En la panadería de la esquina envolvieron la baguette
en un saco de papel que tenía un impreso extraño. Era un manifiesto que hablaba
de que iría a consumir un producto que era confeccionado gracias a la alianza
del pequeño artesanado con la industria del pan adecuada. Esto quería decir que
la masa era probablemente congelada y que la panadería solo servía de punto
terminal de cocción. Al fin y al cabo, al parecer, esta era una plataforma de
producción que se situaba entre las panaderías estrictamente artesanales y las
nuevas fábricas que se han instalado en supermercados y que, sospechosamente,
tienen pan disponible durante todo el día. Lo que tenía entre manos era un
objeto emblemático que se hacía parte de un debate contra la mundialización,
desde la reivindicación del savoir-faire. El decreto sobre los ingredientes y
los procedimientos de factura de la masa no es algo con lo que se pueda jugar.

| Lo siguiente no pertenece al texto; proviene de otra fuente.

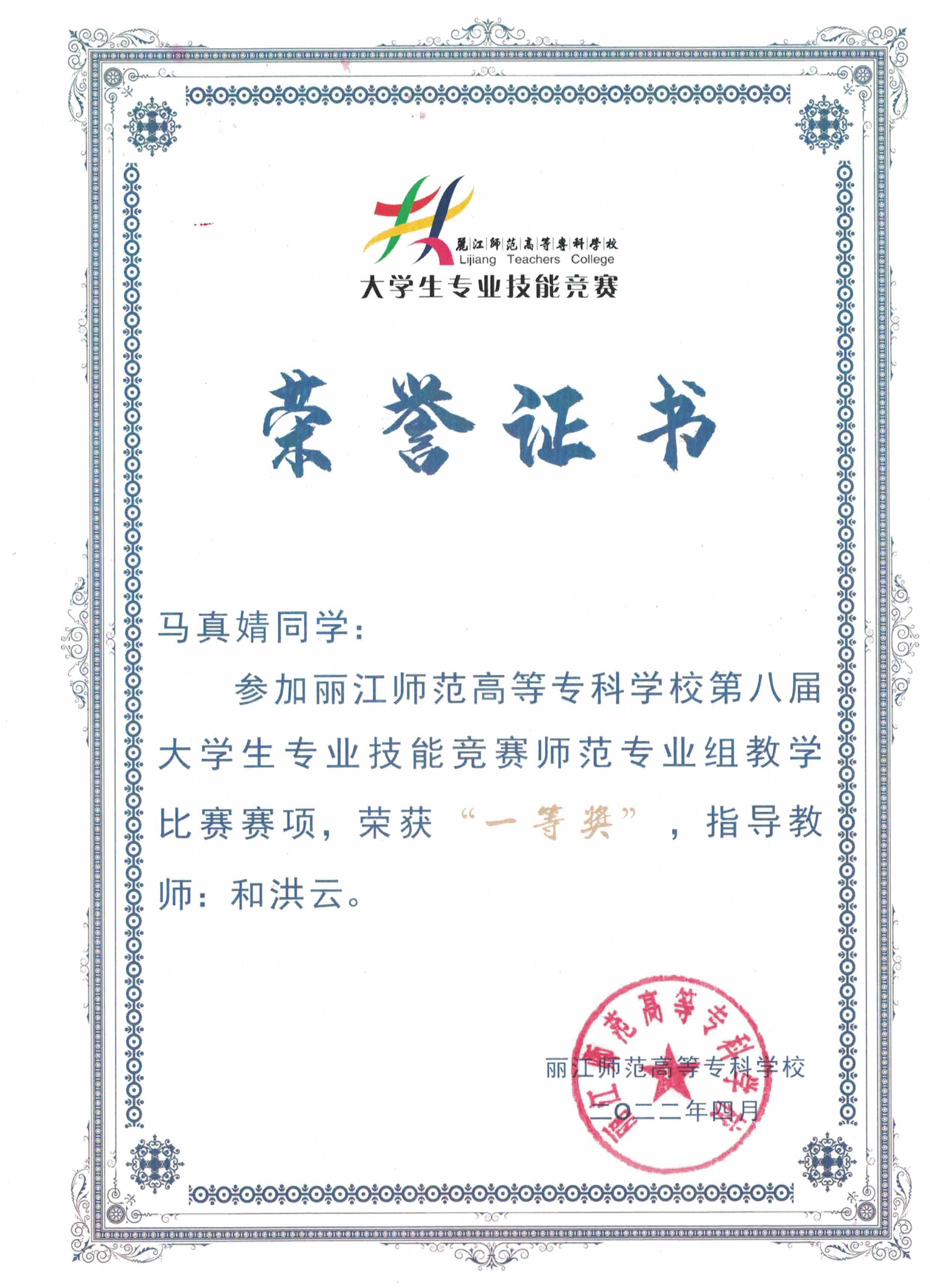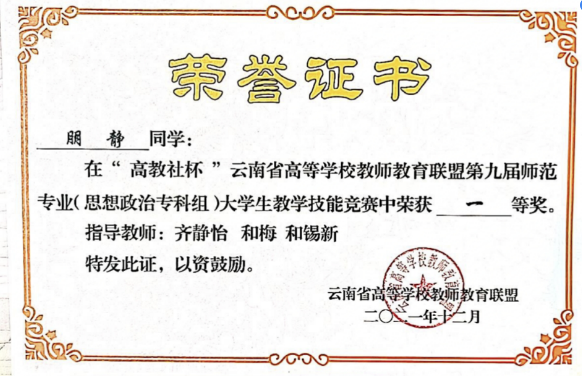 朋静同学荣获2021年云南省高等学校教师教育联盟师范专业大学生教学技能竞赛一等奖

Más aún, cuando la confederación de productores artesanales de pan ha propuesto
postular a la baguette para ser inscrita en la lista de patrimonio inmaterial de
la Humanidad.
Todo lo anterior ya fue objeto de una larga
columna en el diario “Liberation” del 26 de septiembre del 2018. La convención
para la salvaguardia del patrimonio cultural inmaterial, fue adoptada en el
2003 por más de 160 Estados para promover la diversidad cultural en el mundo. Establece
que solo pueden ser retenidas las prácticas, representaciones, expresiones,
conocimientos y savoir-faire, así
como los instrumentos, objetos, artefactos y espacios culturales que les son
asociados, que determinados grupos humanos e individuos reconocen como parte de
su patrimonio cultural.
La antropóloga Chiara Bartolotto, quien ha
escrito un libro sobre la materia, admite la existencia de un gran desafío
metodológico frente a la aparición de esta nueva categoría, poniendo el acento
sobre las condiciones que las comunidades deben cumplir con el objeto de
preservar, sobre todo, la transmisión
de las prácticas involucradas. En el caso de la baguette, el tema es delicado,
ya que la posibilidad de su inclusión en la lista de UNESCO no asegura de por
sí el futuro. Sin duda sería un símbolo y un gran golpe publicitario en favor
de los artesanos panaderos. Sin embargo, esto debe estar asociado a la
formulación de una política de
salvaguardia, sobre todo en el terreno de la formación, de manera a
asegurar una fabricación no industrial del pan, según las reglas del arte.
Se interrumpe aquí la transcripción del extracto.